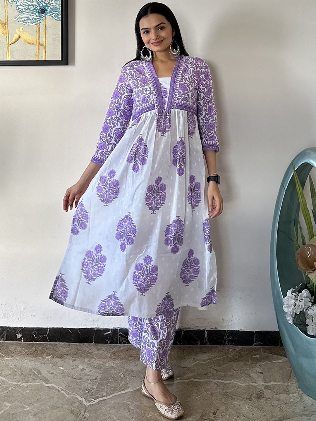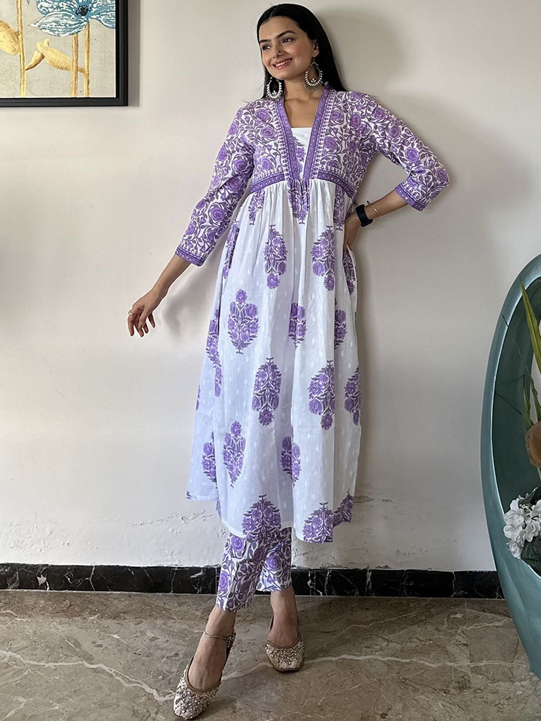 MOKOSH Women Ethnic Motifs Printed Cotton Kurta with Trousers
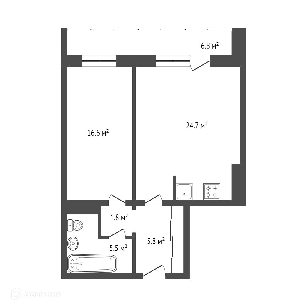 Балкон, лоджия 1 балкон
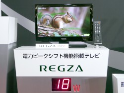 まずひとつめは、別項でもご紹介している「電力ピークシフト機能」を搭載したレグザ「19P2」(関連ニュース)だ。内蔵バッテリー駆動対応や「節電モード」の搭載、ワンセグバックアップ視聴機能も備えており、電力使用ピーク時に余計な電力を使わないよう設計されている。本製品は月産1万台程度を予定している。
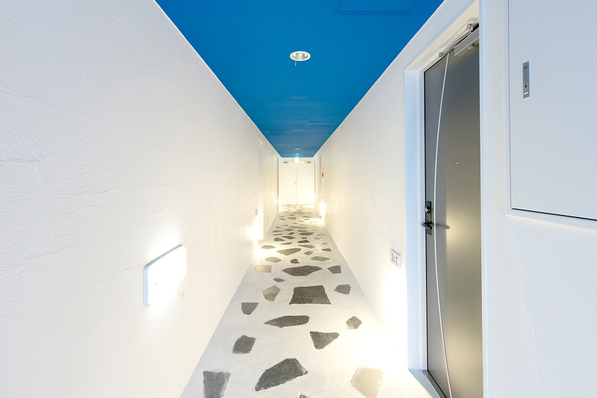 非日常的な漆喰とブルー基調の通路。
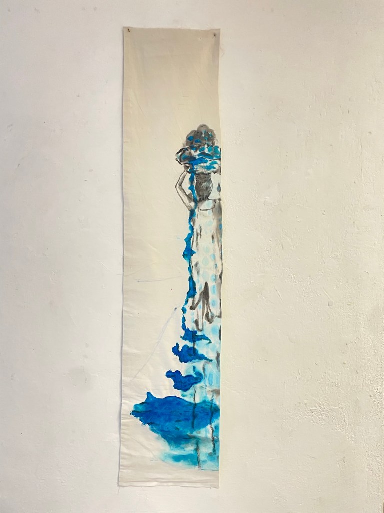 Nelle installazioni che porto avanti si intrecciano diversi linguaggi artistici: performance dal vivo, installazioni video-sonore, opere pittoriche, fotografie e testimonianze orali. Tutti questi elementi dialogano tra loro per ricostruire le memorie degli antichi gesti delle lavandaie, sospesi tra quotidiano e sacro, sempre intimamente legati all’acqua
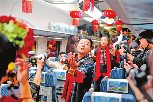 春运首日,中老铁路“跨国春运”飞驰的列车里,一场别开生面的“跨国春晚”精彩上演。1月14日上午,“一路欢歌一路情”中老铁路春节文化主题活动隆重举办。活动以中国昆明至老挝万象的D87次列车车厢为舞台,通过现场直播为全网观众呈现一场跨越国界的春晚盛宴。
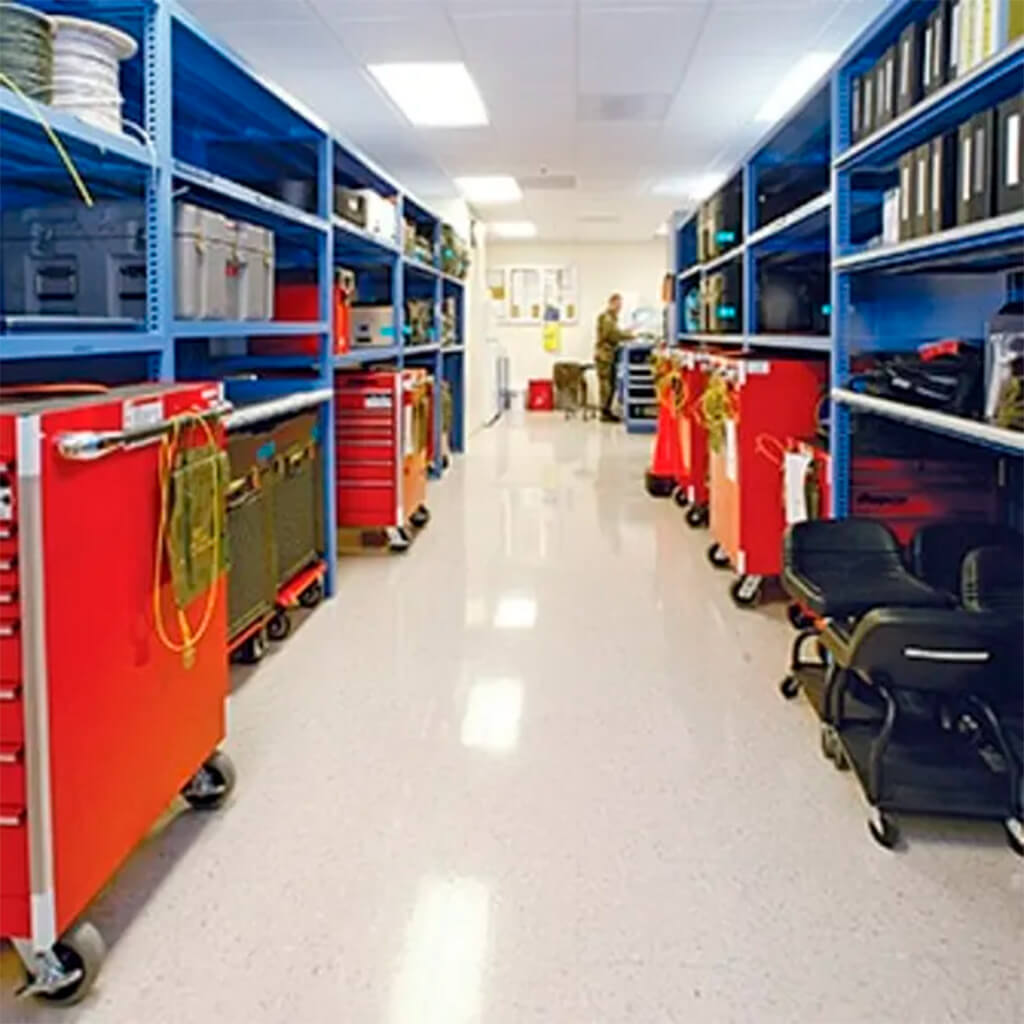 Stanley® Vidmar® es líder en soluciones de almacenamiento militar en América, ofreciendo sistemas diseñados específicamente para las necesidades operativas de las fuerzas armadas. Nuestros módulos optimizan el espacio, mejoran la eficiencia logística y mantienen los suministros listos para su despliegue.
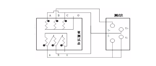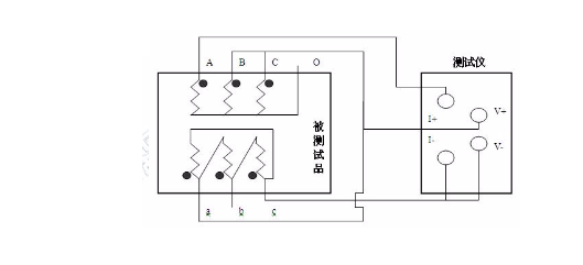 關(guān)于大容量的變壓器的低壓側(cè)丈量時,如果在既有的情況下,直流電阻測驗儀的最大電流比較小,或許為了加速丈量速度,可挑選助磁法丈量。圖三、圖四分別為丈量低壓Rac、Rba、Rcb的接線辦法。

---------------

> Problem details
Repeat verbatim the lines between the start of the data and the line containing "非日常的な漆喰とブルー基調の通路。", both ends included, omitting all pictures.

> Result
 MOKOSH Women Ethnic Motifs Printed Cotton Kurta with Trousers
 Балкон, лоджия 1 балкон
 まずひとつめは、別項でもご紹介している「電力ピークシフト機能」を搭載したレグザ「19P2」(関連ニュース)だ。内蔵バッテリー駆動対応や「節電モード」の搭載、ワンセグバックアップ視聴機能も備えており、電力使用ピーク時に余計な電力を使わないよう設計されている。本製品は月産1万台程度を予定している。
 非日常的な漆喰とブルー基調の通路。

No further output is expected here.